Anyone knows this?
A looped tree is a weighted, directed graph built from a binary tree by adding an edge from every leaf back to the root. Every edge has a non-negative weight.
- How much time would Dijkstra’s algorithm require to compute the shortest path between two vertices u and v in a looped tree with n nodes?
- Describe and analyze a faster algorithm.
How much time would Dijkstra’s algorithm require to compute the shortest path between two vertices u and v in a looped tree with n nodes?
It will take O(VlogV) time (worst case analysis).
Note that there is a single simple path for each pair of nodes (u,v) that connects u to v. If this path for some reason contains a very heavy weighted edge, Dijksta's algorithm is going to keep postponing taking this edge, and will fail to discover the correct route until it will, which will make the algorithm have to discover most of the vertices in the looped tree, making the complexity O(VlogV) (Note that E is in O(V) for this graph).
Describe and analyze a faster algorithm.
Since there is a single simple path, you just need to find it.
It can be easily done by finding the lowest common ancestor in the tree (without loops), and then finding a route to this ancestor from u.
Complexity of this algorithm is O(h) - where h is the height of the graph.
I think the answer by amit is wrong.
In Describing and analyze a faster algorithm.

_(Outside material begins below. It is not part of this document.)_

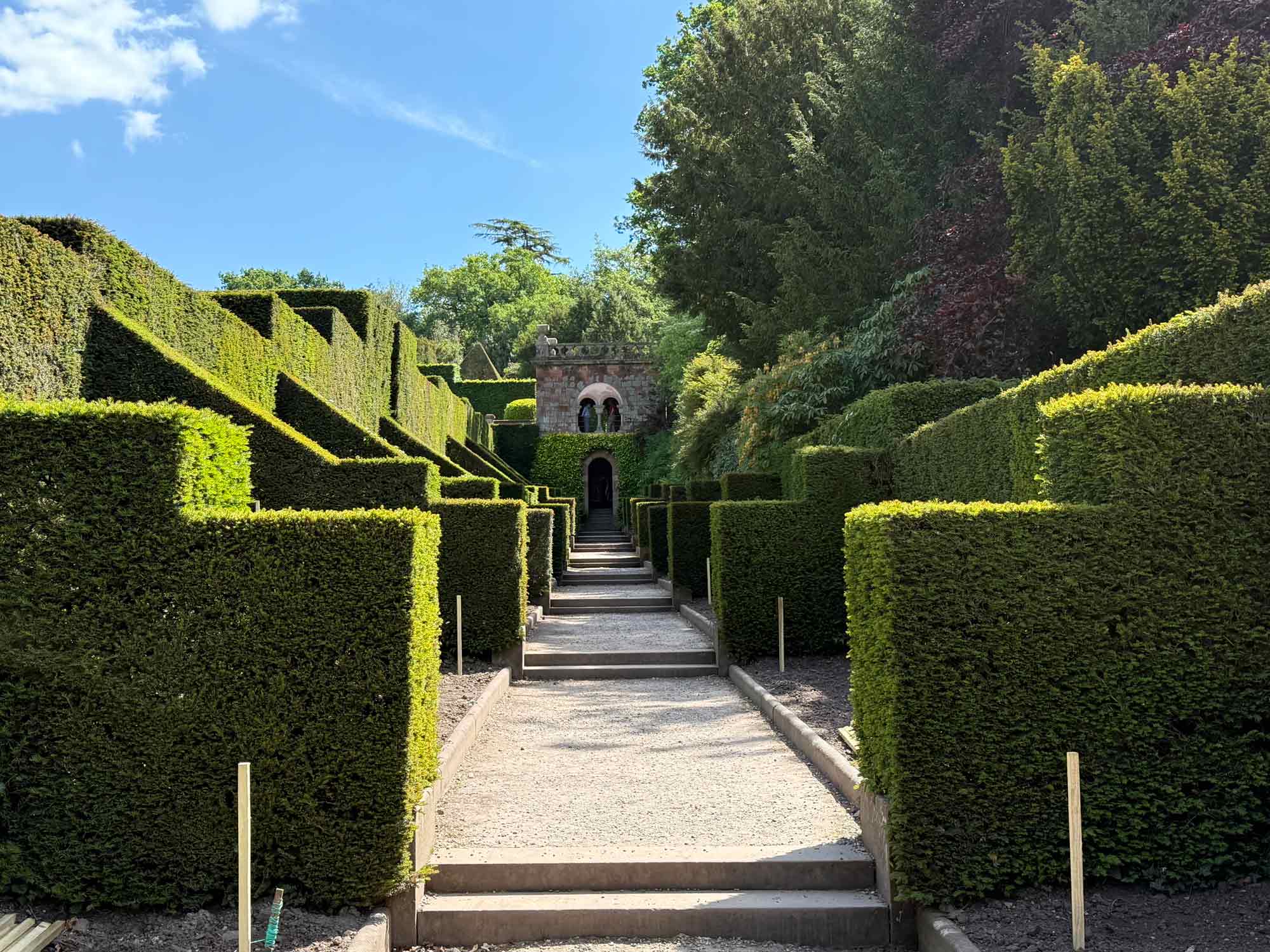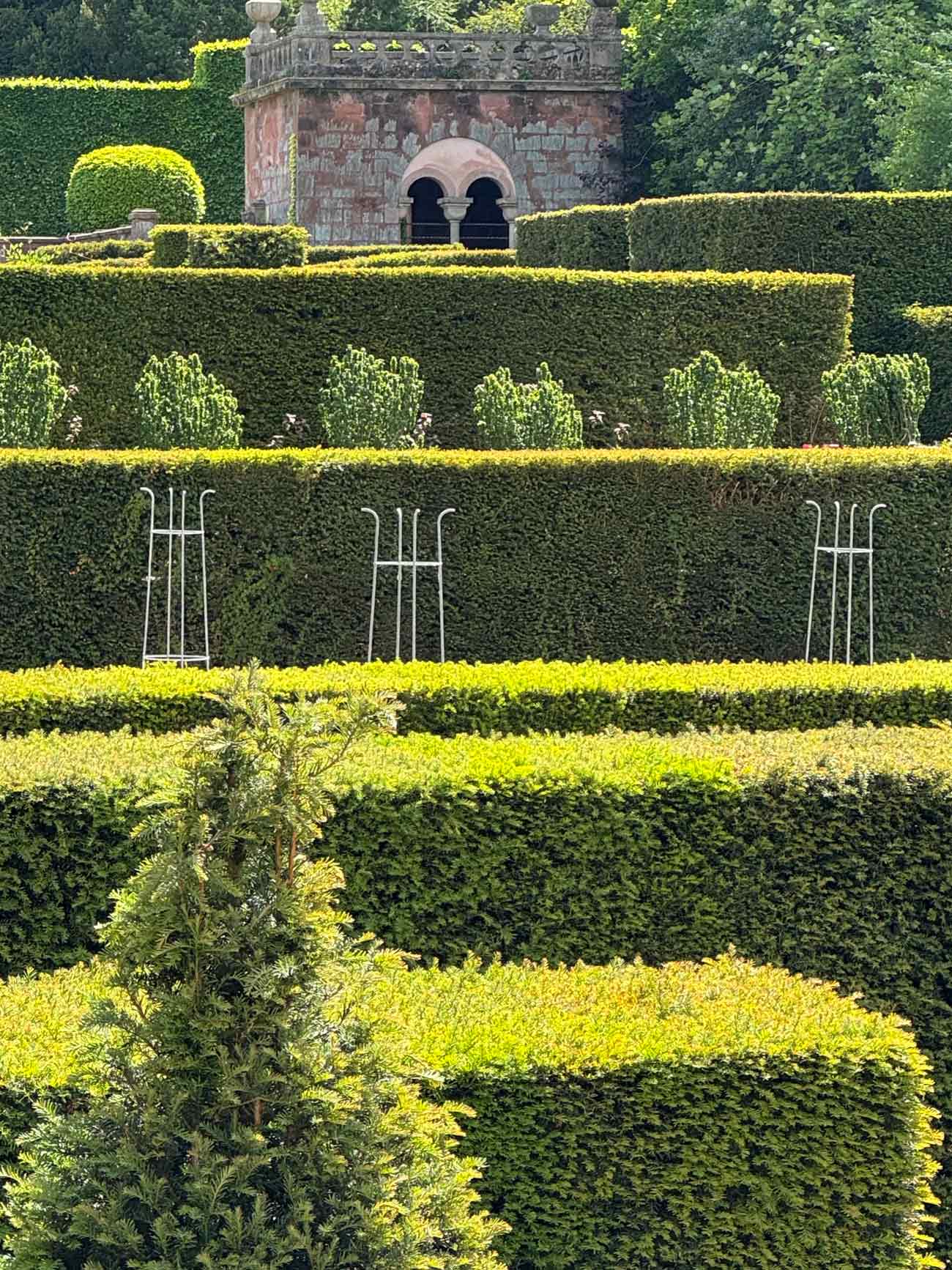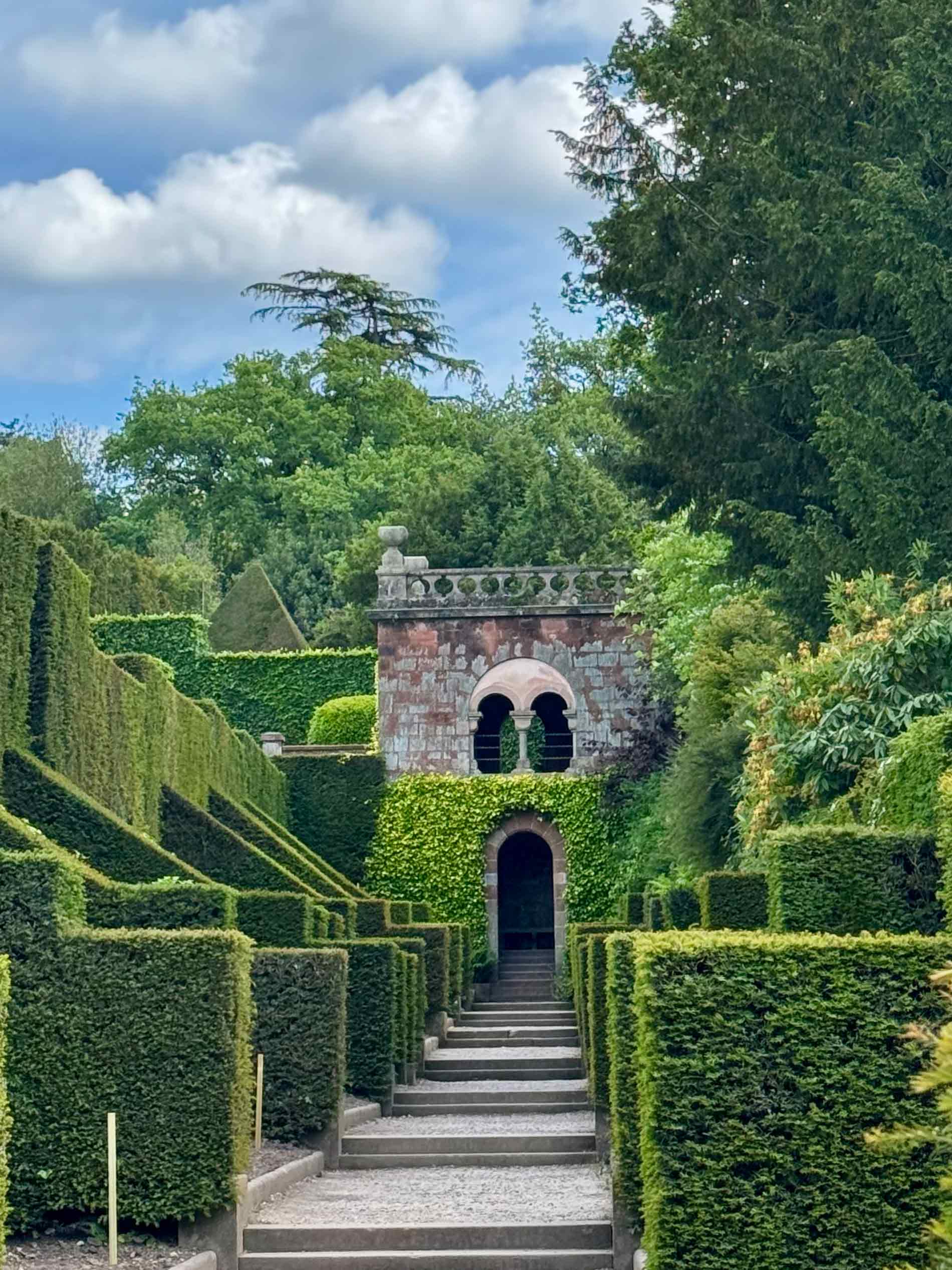 The Dahlia walk is the area that truly resonated for me; the elegant simplicity of the Yew battlements carried out Bateman’s thinking that each part of the garden must be its own separate world. At the point of every change in gradient, stepped buttresses of hedging jut out to meet the path and appear to support the hedges and enclose the terrace gardens above…a massive green “construction.”
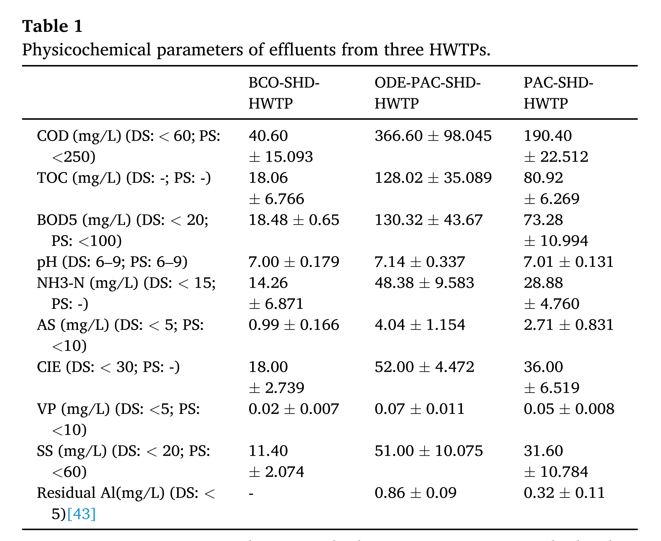 該研究共同評估了九種常見(jiàn)的理化指標,這些指標在三個(gè)污水處理廠(chǎng)的出水點(diǎn)表現出明顯的梯度分布。在這些指標上,ODE-PAC-HWTP 超過(guò)了 PAC-HWTP,PAC-HWTP 超過(guò)了 BCO-HWTP。BCO-HWTP出水中COD、BOD5、pH、NH3-N、AS、Color、VP、SS等濃度基本符合國家排放標準。PAC-HWTP 出水的 COD、BOD5、pH、NH3-N、AS、顏色、VP 和 SS 水平通常符合國家預處理標準,允許排放到通向市政污水處理廠(chǎng)的下水道中。相反,ODE-PAC-HWTP出水中COD和BOD5的濃度超過(guò)國家預處理標準。此外,還對兩個(gè)經(jīng) PAC 處理的 HWTP 出水中的殘留鋁濃度進(jìn)行了測試。在 ODE-PAC-HWTP 和 PAC-HWTP 的出水中,檢測到的殘留 Al 濃度分別為 0.86 ± 0.09 mg/L 和 0.32 ± 0.11 mg/L。這些值符合 2002 年環(huán)境保護法制定的鋁廢水排放標準,該標準規定限值為 5.0 mg/L 。

you can't find the cheapest route from vertex u to this ancestor in O(h), therefore, this algorithm is not O(h). For 2 reasons, if internal nodes only have parent to child directed edge, we need to look down from u to find the cheapest route to common ancestor (or the root), and I am not aware of an algorithm that can do that. Second reason, if there are parent->child and child->parent edges, then the path from source vertex to lowest common ancestor vertex can be through any of the 3 adjacent vertex of any internal tree nodes( vertex) or 1 adjacent vertex(root) of any leaf node vertex, thus we can't do it in O(h).
Based on my understanding of the problem, child->parent edge is not in the definition of looped-tree graph. Therefore, the only we is to go down the tree and come back at the top and from root to target is a simple single path. Therefore, we reduce the problem to finding the cheapest route from u to root, thereby reduce the complexity.
Further, if target is a direct descendant of source, we will stop the during finding the cheapest route to root. if source is the root, the problem is trivial since the route is the simple single path from root to target by going down the subtrees of target.